Confessions of a SAHM: How I Came to Embrace My Inner June Cleaver

If only my twenty-year-old self could see me now.

A stay at home mom who enjoys cooking, gardening and cleaning.

Huh?

You see, I don’t think I ever expected to become a stay at home mom. Many women do, and by no means do I have the answer on whether staying at home or going back to work after having a child is “best”.

It just wasn’t at all how I thought things would turn out for our family.

Let me briefly pause to acknowledge the fact that yes, I am also a work at home mom, and yes, I am extremely lucky to have had the luxury to choose to stay at home with my son when he was little.

But now that he is in kindergarten, I find myself at another crossroads.

The uhohnowineedtofigureoutwhatiwanttodowhenigrowup stage.

I’ve been through this before. I worked for 10 years out of college, with my sights set on helping run a nonprofit organization. I got married, moved back to Austin and bought a house. My husband and I decided to start a family, so we toured various day cares to prepare for my return back to full-time work after my maternity leave.

Long story short, I lasted for a month working full time, and then another 10 months working “part time”. So began my life as a stay at home mom.Advertisement
The transition was hard for me. I missed working in an office, the feeling of contributing to our family income and having a quick answer to the question “So, what do you do?” I was a decent cook, but most of the other responsibilities I thought came with the territory — cleaning, ironing, bills, yardwork, recordkeeping, scrapbooking, crafting, decorating — weren’t necessarily my cup of tea.

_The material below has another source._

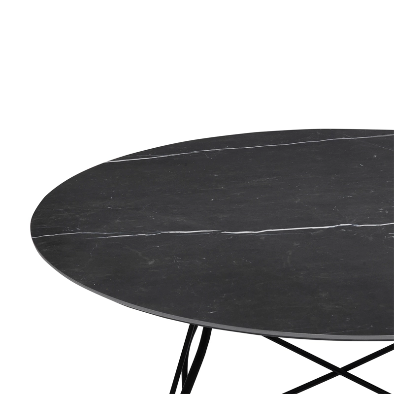 La table Glossy a été conçue par les designers Antonio Citterio et Oliver Löw pour la marque Kartell. Glossy est dotée d'une structure légère et très architecturale en acier. Le piètement filaire se caractérise par l’utilisation de l’élément en croix qui relie les pieds sur chacun des quatre côtés et soutient Avec sa finition qui imite parfaitement le marbre, le plateau en grès est particulièrement robuste et facile d'entretien. Très conviviale, la table ronde Glossy s'intègre facilement dans tous les styles d'intérieurs.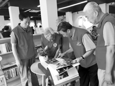 社区退休党员在“红旗书屋”里翻看大型图册《中国》。

Visions of June Cleaver ran through my head. What was I thinking?

Slowly, over time, I came to relax my expectations. As most moms do, I adapted. I realized I could not do it all, and that just because you are a stay at home mom, you don’t have to vacuum in heels and pearls. I focused on doing fun stuff with my son. As everyone says, the time flew by.

Under the wise tutelage of a dear friend, I hand sewed my first valence. I learned what the broil button on my oven does. I marveled at how satisfied I felt after spending two hours cleaning my house. I invested in makeup for the first time in five years.

Am I as put together as June Cleaver? Um, no. But I’m guessing I never was and probably never will be. I also don’t remember June having to deal with clogged toilets or sick animals or breaking appliances. Come to think of it, our lives probably couldn’t have been more different.

Now that my son has entered elementary school, I have come to embrace my inner June Cleaver. Perhaps it took me three years to realize that being a parent is all about reinventing myself and being comfortable with who I am right now. Which is to say, still a work in progress.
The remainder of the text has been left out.